### Assignment
Would you please transcribe the data in full and exactly, excluding images?

### Records for this exercise

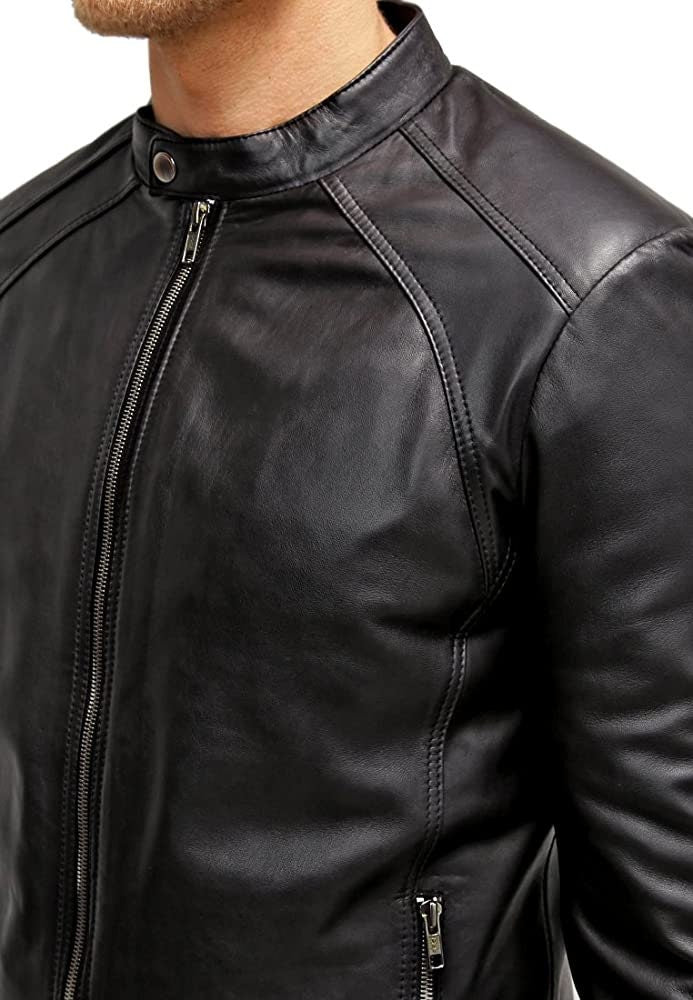 Distressed Biker Black Men Leather Jacket, Real Black Leather Jacket With Band Collar Mens leather Jacket | Top Quality Leather Jacket men
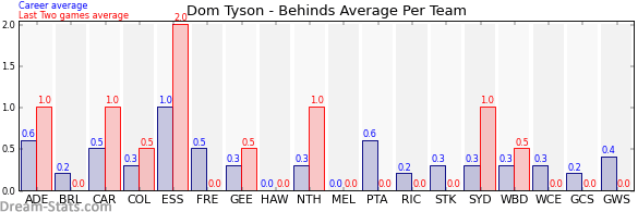 | Western Bulldogs | 4 | 0.5 | 0.3 | 0.2 |
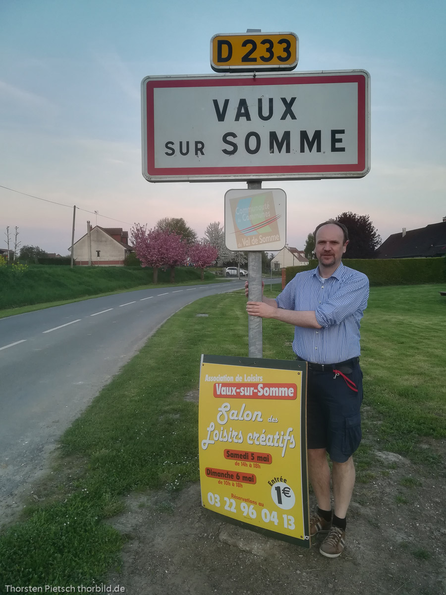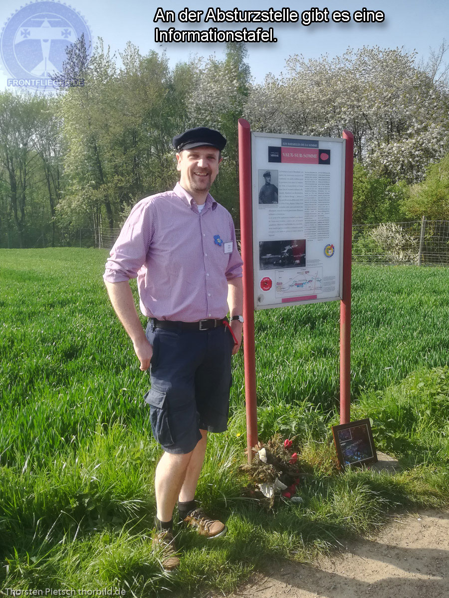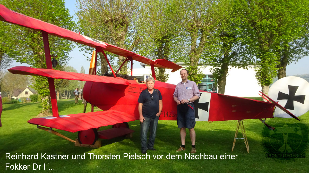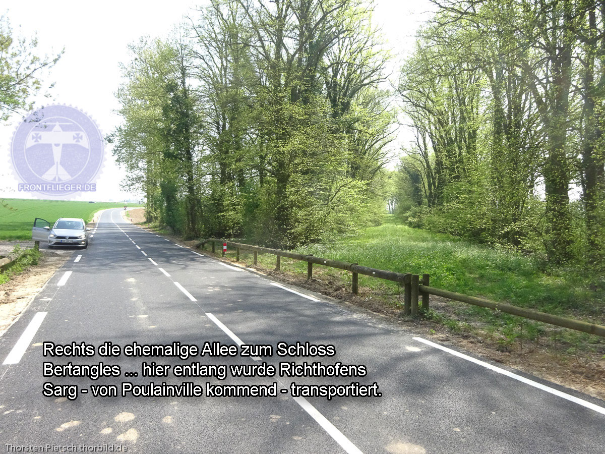 Fokker Dr I vor der Kirche von Vaux-sur-Somme. Bei seiner Verfolgung des Kanadiers May wäre von Richthofen beinahe gegen den Turm geflogen (und brach damit seine eigenen Regeln).
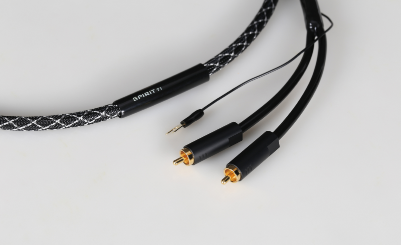 Spirit唱盤線的絕緣層使用了PE和PTFE材料、尼龍套管以及80°C PVC護套。導體以鋁箔聚酯薄膜包裹,並結合多股鍍銀銅緊密編織而成的屏蔽層。Spirit唱盤線的接地線採用50cm OFC無氧銅導體的線材,帶有24K鍍金接線叉頭。
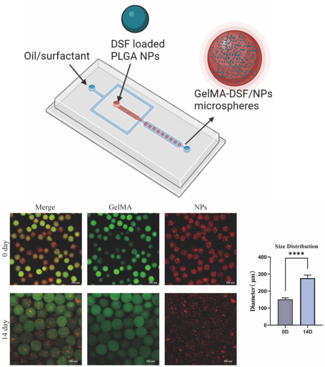 图2. 微流控制备双层包裹的微凝胶示意图以及微凝胶在生理盐水中的溶胀行为评估。
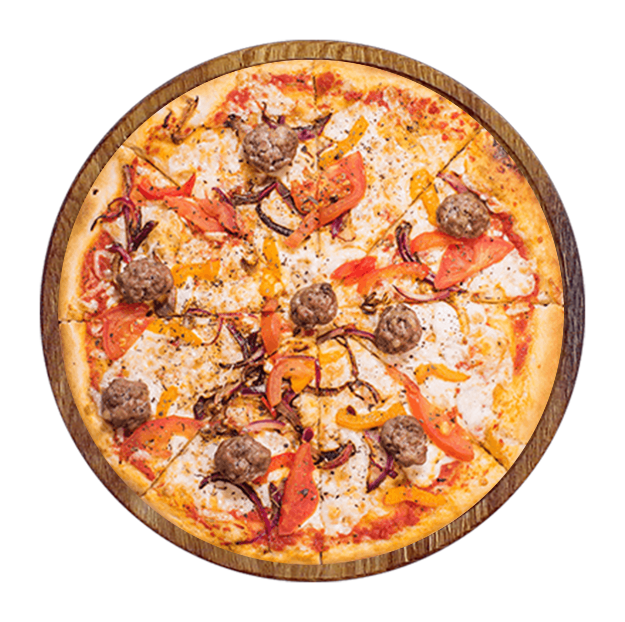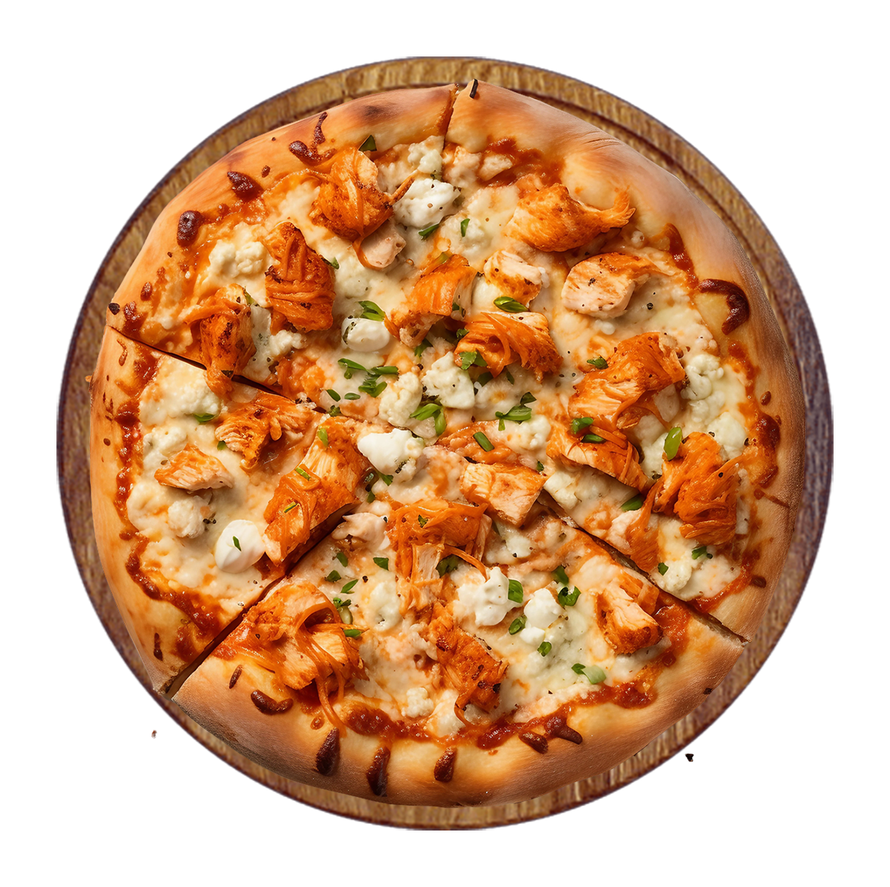Sauce tomate, fromage, poulet rôti, merguez, boulette kefta, oignons, filet de sauce barbecue.
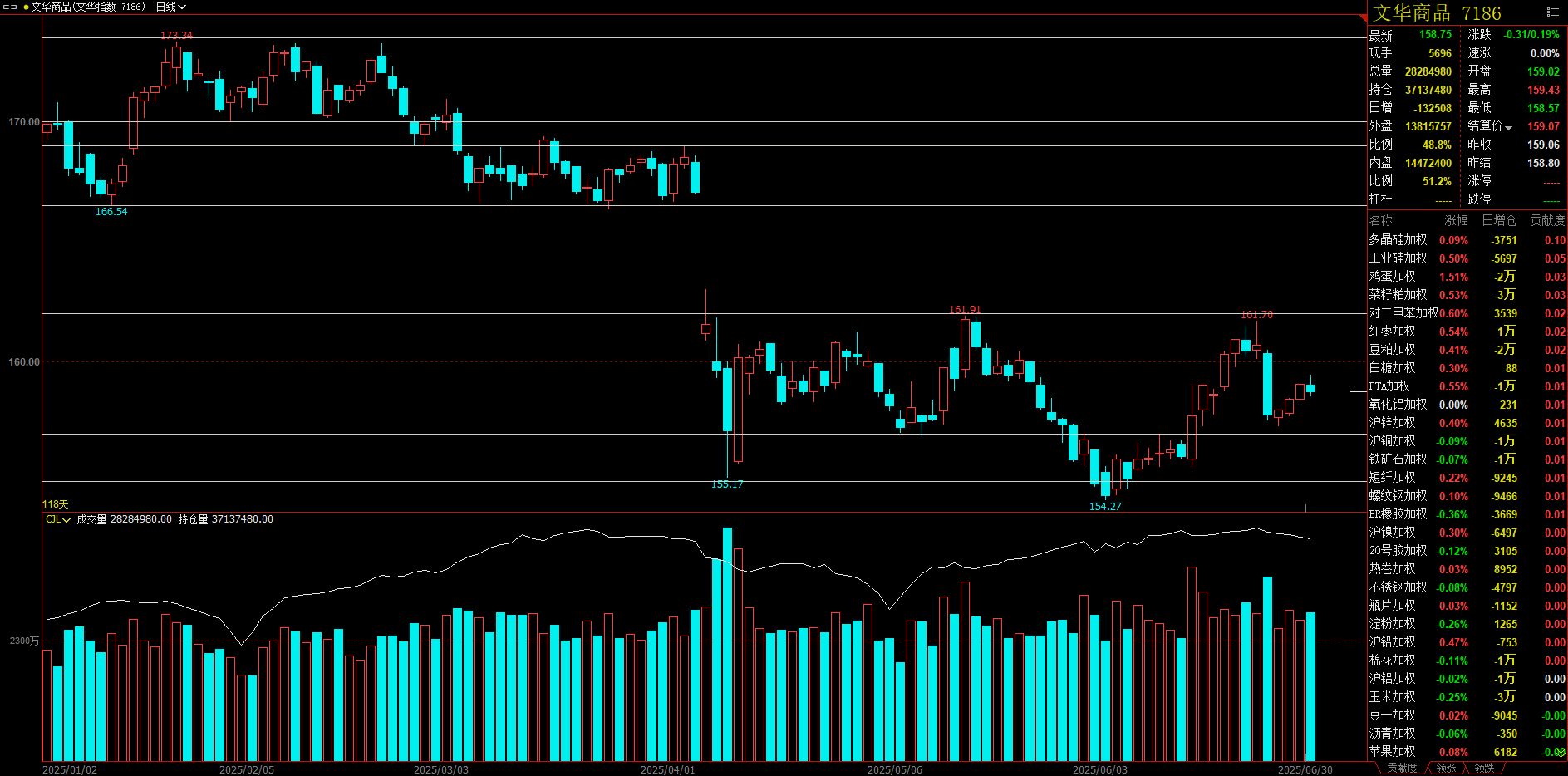 今日文华商品指数冲高回落,收跌在158.75,后续关注150-163的突破。

### Response
 Distressed Biker Black Men Leather Jacket, Real Black Leather Jacket With Band Collar Mens leather Jacket | Top Quality Leather Jacket men
 | Western Bulldogs | 4 | 0.5 | 0.3 | 0.2 |
 Fokker Dr I vor der Kirche von Vaux-sur-Somme. Bei seiner Verfolgung des Kanadiers May wäre von Richthofen beinahe gegen den Turm geflogen (und brach damit seine eigenen Regeln).
 Spirit唱盤線的絕緣層使用了PE和PTFE材料、尼龍套管以及80°C PVC護套。導體以鋁箔聚酯薄膜包裹,並結合多股鍍銀銅緊密編織而成的屏蔽層。Spirit唱盤線的接地線採用50cm OFC無氧銅導體的線材,帶有24K鍍金接線叉頭。
 图2. 微流控制备双层包裹的微凝胶示意图以及微凝胶在生理盐水中的溶胀行为评估。
Sauce tomate, fromage, poulet rôti, merguez, boulette kefta, oignons, filet de sauce barbecue.
 今日文华商品指数冲高回落,收跌在158.75,后续关注150-163的突破。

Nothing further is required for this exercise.